İşte AK Parti'nin, CHP üyelerinin KPK toplantısını boykot bildirilerine cevabı;
1- AK Parti'nin yandaş medya ile kendi partilerini de hedef alan bir karalama propogandası içinde olması ve otoriter bir tutum sergilemesi iddiası:
Türkiye içindeki kendince dile getirdiği bir iddia KPK'yı boykot etmek için bir bahane teşkil edemez. CHP KPK'daki sorumluluğundan kaçmıştır. Varsa bir rahatsızlıkları daha önce defalarca yaptıkları gibi yine bu komisyonda dile getirmelerine engel bir durum yoktu. CHP bu girişimi ile KPK'yı boykot değil sabote etme gayreti içindedir.
2- CHP'yi kapatma iddiası:
AK Parti daha önce 2010 yılında Parti kapatmanın önüne geçmek için Anayasa Reformu hazırladı. İnanması güç ama CHP ve muhalefet o gün bu reform paketine destek vermediği için anayasa değişikliği gerçekleştirilemedi. Geçtiğimiz hafta CHP'nin bu kara propogandayı tekrar dillendirmesinin ardından AK PARTİ Grubu yine parti kapatmanın önüne geçmek için yeni bir Anayasa değişikliği teklifi hazırladı ama yine CHP bir kez daha bu girişime destek olmayacağını açıkladı. CHP kendi kendine bir kabus yaratıyor ve bu kabusa hem kendi hem de çevresindekileri inandırmaya çalışıyor.

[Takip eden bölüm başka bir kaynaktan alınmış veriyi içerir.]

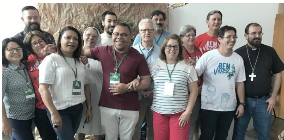
Representantes da Cáritas Regional São Paulo

A Cáritas é um organismo da CNBB e possui uma rede de mais de 200 entidades-membro, 12 regionais e 5 articulações.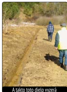
A takto toto dielo vyzerá

Taráska je lokalita v blízkosti bývalých skokanských mostíkov. Pri príválových alebo výdatných dažďoch nestačí prírodou vytvorený potôčik – jarok pretekajúci cez uvedené záhrady odvádzať vodu a vylieva sa do záhrad alebo domov stojacich v záhradách. Niekoľ-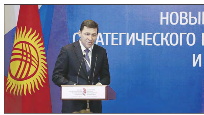
Евгений Куйвашев, выступая на форуме, рассказал о взаимодействии региона и Кыргызстана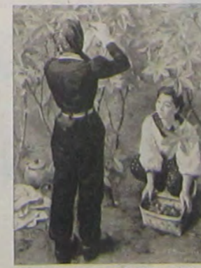
る 採 を 賣 の 麻 苧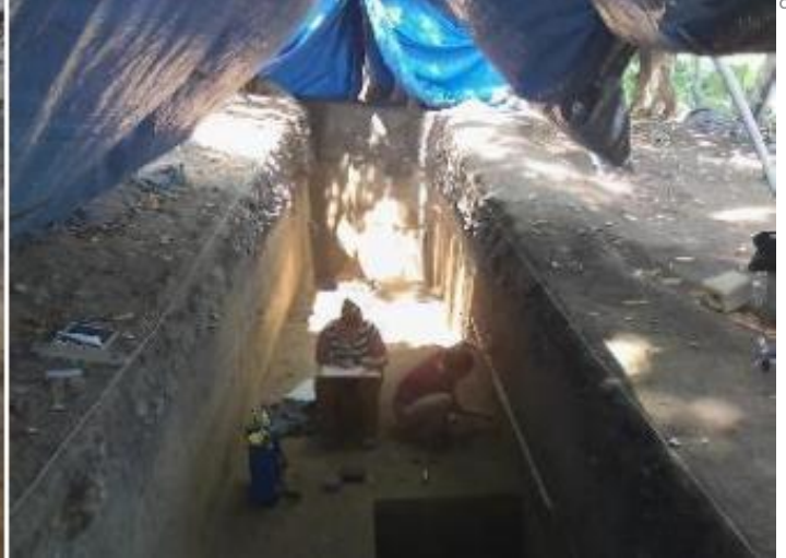
Excavaciones arqueológicas en la plataforma o montículo principal del sitio Guadalupe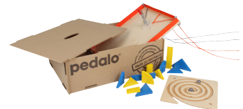
Pedalo Teamspiel-Box „Drei“

Bu durum CHP nin ruh halinin hangi hallerde olduğunu göstermesi bakımından düşündürücüdür. CHP'nin acilen psikolojik destek alması lazım.
3- Tutuklu gazeteciler iddiası:
Tutuklu gazeteciler iddiası artık her mecrada bayatlamış bir konudur. Türkiye'de şu an hüküm giymiş sadece 7 gazete kökenli kişi vardır. Ve bu kişilerin hiçbiri gazetecilik ya da ifade, düşünce özgürlüğünden değil karıştıkları çeşitli adli suçlardan dolayı hüküm giymiş bulunmaktadırlar. Tutuklu gazeteciler konusundan ne CHP ne de başka mecralar bir menfaat elde edemezler. Çünkü bu iddia hükümsüzdür. Türkiye'de yüzlerce gazete, televizyon ve binlerce radyo özgür bir şekilde hukuk kuralları çerçevesinde yayın yapmaktadır.